Wilmington on Movies: Captain America: The First Avenger


“Captain America: The First Avenger” (Two and a Half Stars)

U.S.: Joe Johnston, 2011

I don’t mean to be a grouch, but Captain America — stalwart crime and monster-buster of  the  new Marvel epic Captain America: The First Avenger — struck me as one of the duller superheroes I’ve seen recently. That’s despite one of the more amazing special effects onscreen transformations in quite a while — from 90 pound weakling Army rejectee Steve Rogers (Chris Evans) to ultra-muscular Nazi-battling titan Captain America (Evans also). And it’s also despite one of the niftier production design jobs to surround that superhero: a dazzlingly nostalgic recreation of the latter World War II era, on the home front and overseas, as you might experience it if you were living in a 3D comic book with an Art Deco artist delineating, TMC on the TV channel and Swing Era LPs playing in the background.

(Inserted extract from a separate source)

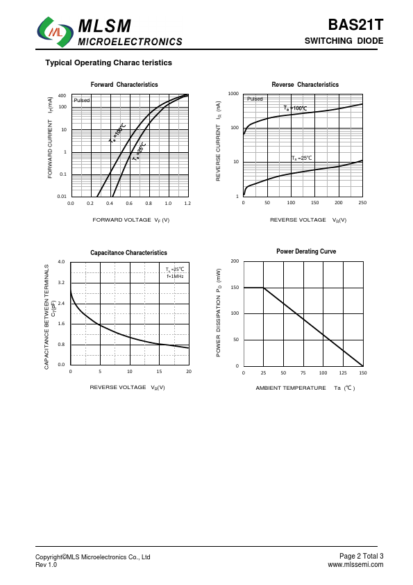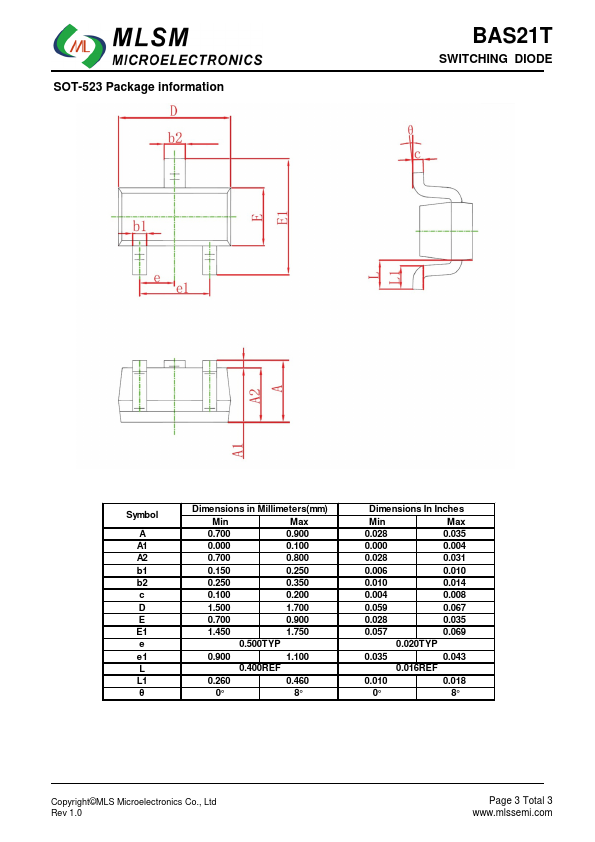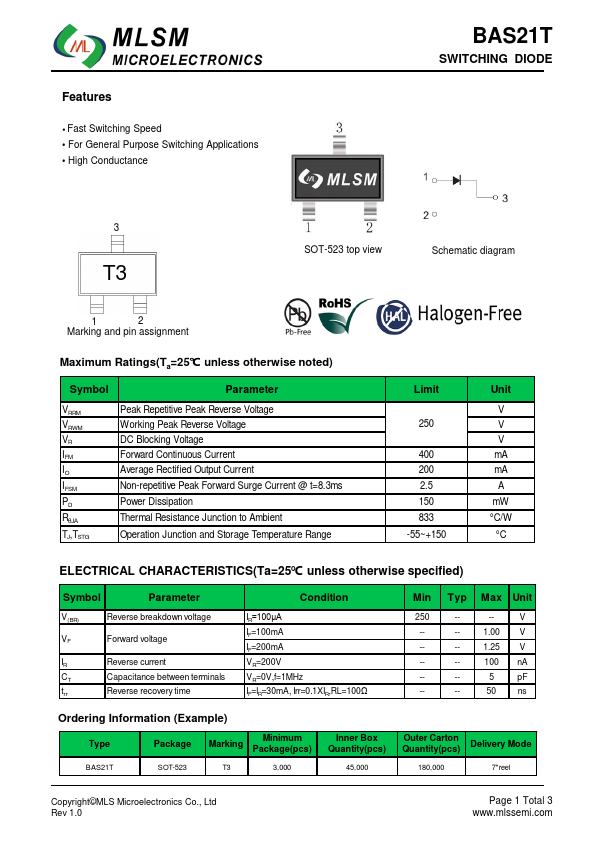Features Fast Switching Speed For General Purpose Switching Applications High Conductance BAS21T SWITCHING DIODE S1 D2 D1 3 T3 SOT-523 top view Schematic diagram 1 2 Marking and pin assignment Maximum Ratings(Ta=25℃ unless otherwise noted) Symbol Parameter.

Why is Cap dull? (To me, at least.) Well, Evans, I think, plays him too straight, in the second part. The first is better. As the 90 (or 98) pound weakling, the perfect candidate for one of those old Charles Atlas “before and after” muscle-building comic book ads, Evans is actually more appealing. He almost won me over as a persistent but consistent 4F flunker who can’t get the Amy to sign him up to fight Hitler and fascism, which he desperately wants.

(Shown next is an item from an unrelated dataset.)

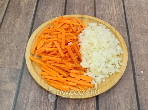 Нарежьте лук кубиком или недлинной соломкой. Морковь - брусочками, не слишком тонкими.
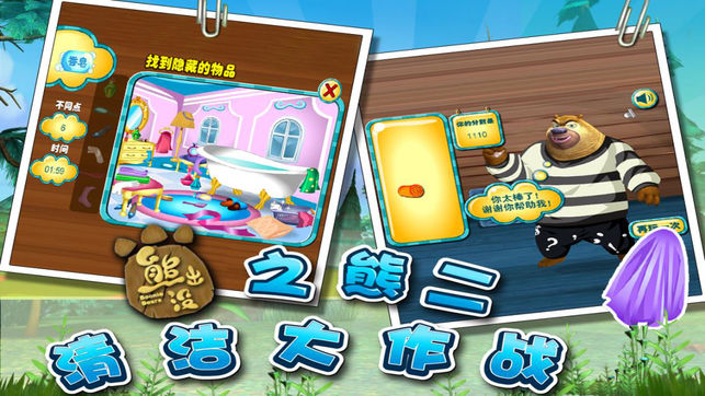 熊大和熊二终于忍受不住自己的又脏又臭了,他们今天准备大搞清洁,不过他们忘了清洁工具放到哪里去了,你帮帮他们找到他们想要的清洁工具吧! 然后再帮他们一起完成这场清洁大作战吧!

That Steve is concocted partly from technological magic: Evans’ talking head has been CGIed onto a tinier actor’s body, and when Steve is scientifically morphed into the torso of Captain America, thanks to the scientific experiments of refugee scientist Abraham Erskine (Stanley Tucci), we’re actually seeing Evans’ real head on Evans’ real body (which looks a little fake, maybe thanks to over-buffing for the role).

But, where the movie’s skinny Steve is sympathetic because he yearns to be a hero (and so obviously has the right stuff inside), the movie’s muscled-up Steve is a disappointment. He looks like an old Arrow Shirt ad, and he acts like one too. As David Edelstein notes, there’s no sense of the inner delight that Steve might feel upon inhabiting this new body he always wanted and experiencing the heroism he always dreamed about. Instead, he almost acts as if he’s always super-heroed it up like this. (Probably the script‘s fault, not Evans’).

I guess you could argue that it’s a case of the body finally matching the man inside, but it seems weird that he’s so blasé about it all. The second Steve has little sass or offbeat notes or depth, which allows the movie to be consistently stolen by the lovable scientist Abe (Tucci), the Nazier-than-Nazi villain Johann Schmidt aka Red Skull (Hugo Weaving), Red Skull’s assistant Peter Lorre-ish maniac Dr. Zola (Toby Jones) and Captain A’s droll, sour, constantly exasperated commanding officer, Colonel Chester Phillips (Tommy Lee Jones, who keeps throwing Don Rickles bombs at the hero and maybe at his movie). Or the splendiferous Hayley Atwell as romantic interest Peggy Carter, a hubba-hubba-hubba cutie who roots for either Steve and looks as if she’d just stepped out of a Milton Caniff comic panel. (Hugo Weaving, by the way, after he rips off his Johann Schmidt face and reveals the Red Skull face beneath, looks a bit like some weird cross between James Carville and a steamed lobster.)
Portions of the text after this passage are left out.